## Records for this task
# # # # # # #

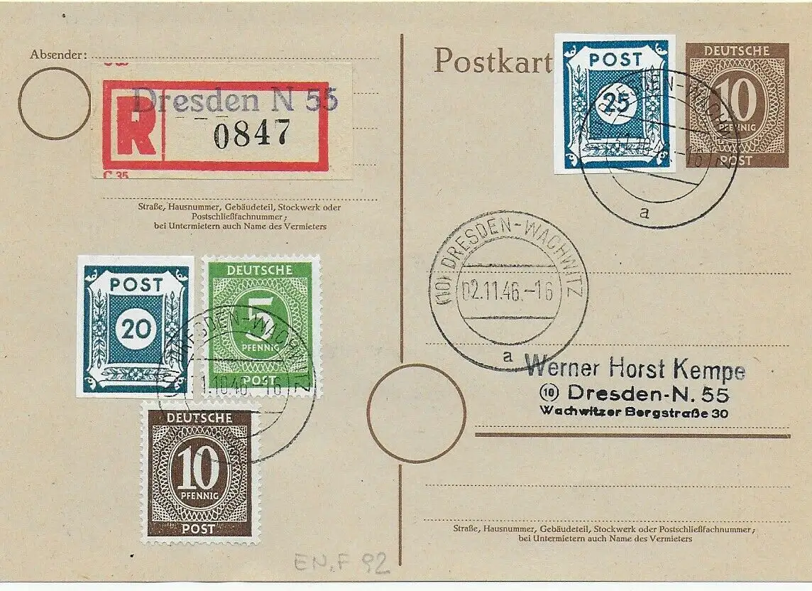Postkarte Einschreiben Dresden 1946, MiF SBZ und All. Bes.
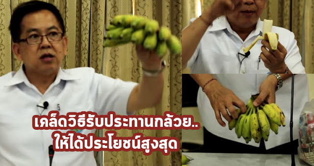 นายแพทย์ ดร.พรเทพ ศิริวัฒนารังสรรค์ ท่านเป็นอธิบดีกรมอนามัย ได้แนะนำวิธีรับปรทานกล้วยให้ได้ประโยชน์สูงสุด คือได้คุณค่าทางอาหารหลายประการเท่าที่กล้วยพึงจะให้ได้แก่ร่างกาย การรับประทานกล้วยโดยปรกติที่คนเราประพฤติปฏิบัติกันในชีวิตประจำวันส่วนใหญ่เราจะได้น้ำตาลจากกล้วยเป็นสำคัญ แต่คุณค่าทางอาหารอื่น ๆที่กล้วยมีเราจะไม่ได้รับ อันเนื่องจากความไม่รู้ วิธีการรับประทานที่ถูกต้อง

# # # # # # #

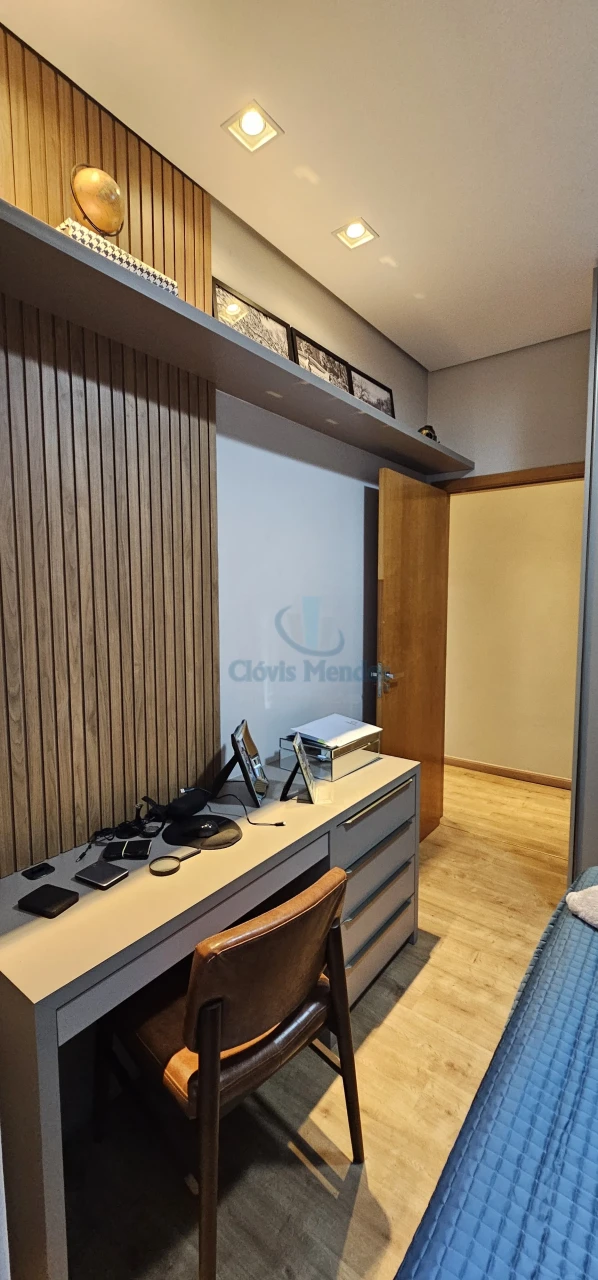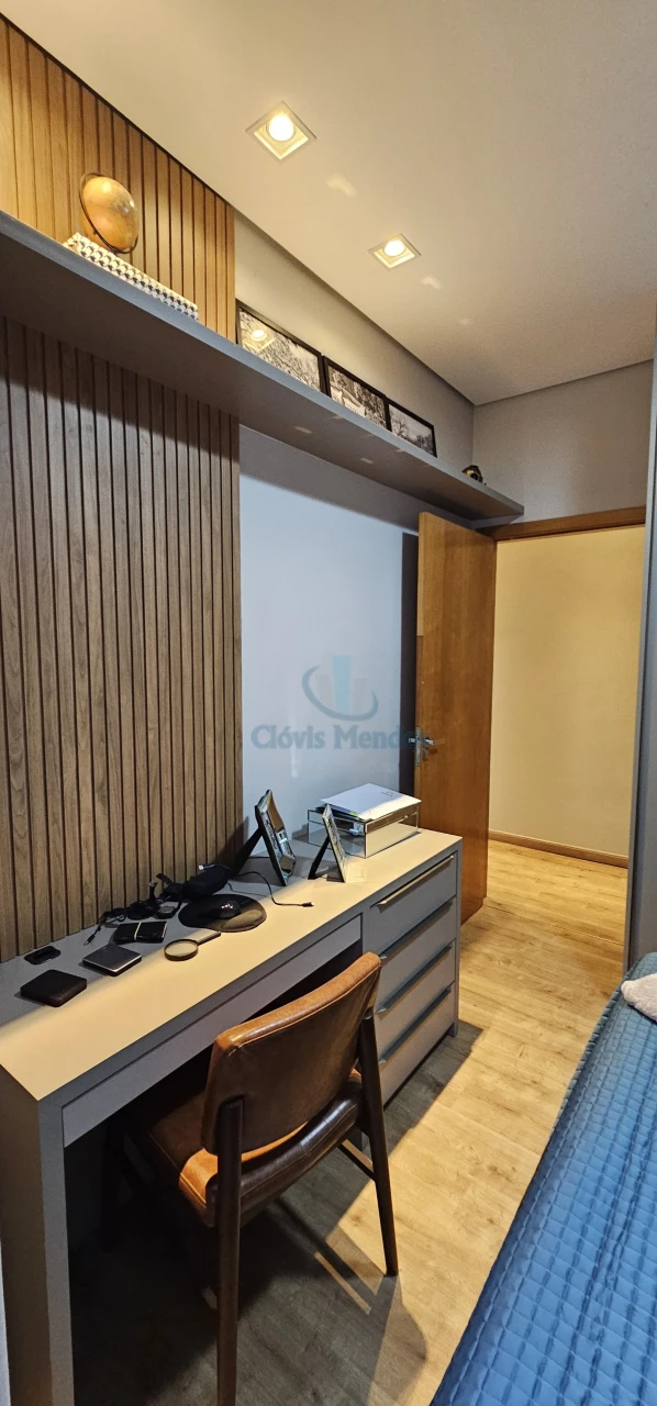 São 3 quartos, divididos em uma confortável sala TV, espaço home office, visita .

# # # # # # #

## Task statement
Reproduce the listing above only between the lines holding "Postkarte Einschreiben Dresden" and "นายแพทย์ ดร.พรเทพ ศิริวัฒนารังสรรค์", inclusive. Every line must match exactly, and pictures are dropped.

## Task answer
Postkarte Einschreiben Dresden 1946, MiF SBZ und All. Bes.
 นายแพทย์ ดร.พรเทพ ศิริวัฒนารังสรรค์ ท่านเป็นอธิบดีกรมอนามัย ได้แนะนำวิธีรับปรทานกล้วยให้ได้ประโยชน์สูงสุด คือได้คุณค่าทางอาหารหลายประการเท่าที่กล้วยพึงจะให้ได้แก่ร่างกาย การรับประทานกล้วยโดยปรกติที่คนเราประพฤติปฏิบัติกันในชีวิตประจำวันส่วนใหญ่เราจะได้น้ำตาลจากกล้วยเป็นสำคัญ แต่คุณค่าทางอาหารอื่น ๆที่กล้วยมีเราจะไม่ได้รับ อันเนื่องจากความไม่รู้ วิธีการรับประทานที่ถูกต้อง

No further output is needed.